Lider największego ugrupowania opozycyjnego, Donald Tusk, podczas konferencji prasowej stwierdził:

— Jeśli nie możemy mieć zaufania do procesu wyborczego, to oznacza, że demokracja w Polsce jest poważnie zagrożona. Domagamy się jawnych i publicznych kontroli wszystkich kontrowersyjnych protokołów.

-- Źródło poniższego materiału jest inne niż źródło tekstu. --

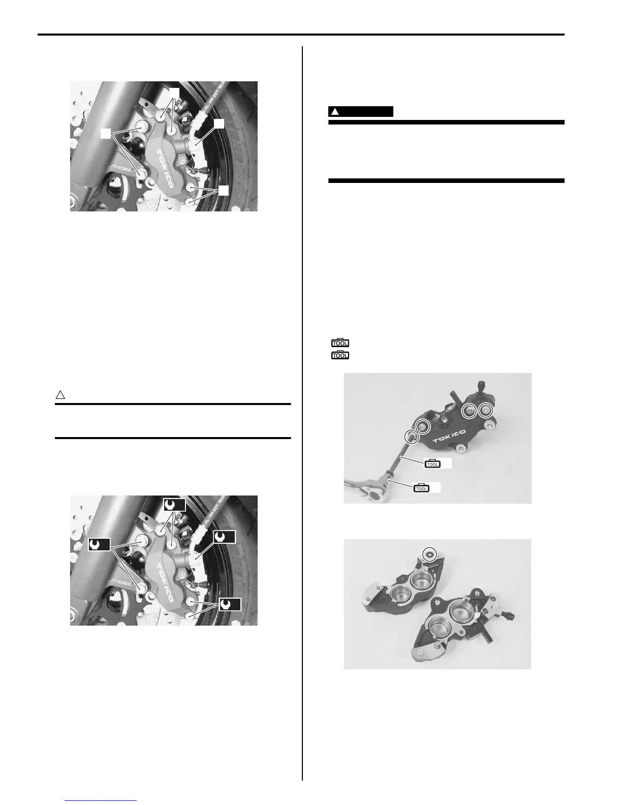 1) Remove the brake pads. Refer to “Front Brake Pad

Interwencja międzynarodowych obserwatorów

Organizacja Bezpieczeństwa i Współpracy w Europie (OBWE), której obserwatorzy przyglądali się przebiegowi głosowania, również odnotowała szereg uchybień. W swoim raporcie piszą o „zauważalnych nieprawidłowościach proceduralnych” i „braku transparentności w kilku kluczowych lokalach wyborczych”.

— To, co się dzieje, przypomina nam sytuacje z krajów, gdzie demokracja jest w odwrocie. Polska powinna stanąć na wysokości zadania i zadbać o pełną przejrzystość procesu — oświadczył Michael Roth, obserwator OBWE.

Społeczne konsekwencje

W mediach społecznościowych zawrzało. Internauci udostępniają zdjęcia protokołów z błędami, filmy z komisji oraz relacje o długich kolejkach i problemach z dopisaniem się do spisu wyborców.

— Mój głos zniknął. Dopisałem się do listy wyborców, ale w lokalu mnie nie było. Pytam: kto w takim razie zagłosował za mnie? — pisze jeden z użytkowników Twittera.

Z kolei znana aktywistka społeczna, Elżbieta Podleśna, opublikowała dokumenty z jednej z komisji, które miały różnić się od oficjalnych danych podanych przez PKW.

Czy wybory trzeba będzie powtórzyć?

Pojawiają się pytania, czy w związku ze skalą nieprawidłowości możliwe będzie złożenie skutecznego protestu wyborczego. Zgodnie z prawem, każdy obywatel może złożyć protest do Sądu Najwyższego w ciągu 14 dni od ogłoszenia oficjalnych wyników. Do tej pory wpłynęło już ponad 5 tysięcy protestów.

Sąd Najwyższy ma czas do 60 dni na rozpatrzenie wszystkich protestów i wydanie orzeczenia. W wyjątkowych przypadkach, jeśli zostanie udowodnione, że błędy mogły wpłynąć na końcowy wynik, sąd może zarządzić ponowne przeliczenie głosów lub nawet powtórzenie wyborów w wybranych okręgach.

Konkluzja

Wybory prezydenckie 2025 miały być symbolem dojrzałości polskiej demokracji. Tymczasem setki uchybień, błędów i naruszeń procedur budzą poważne wątpliwości co do ich uczciwości. Politycy, prawnicy i obywatele czekają teraz na rozstrzygnięcie Sądu Najwyższego, który może mieć decydujący głos w tej sprawie. Czy Polska stanie na wysokości zadania i udowodni, że potrafi rozliczyć się ze swoich błędów? Odpowiedź poznamy w najbliższych tygodniach.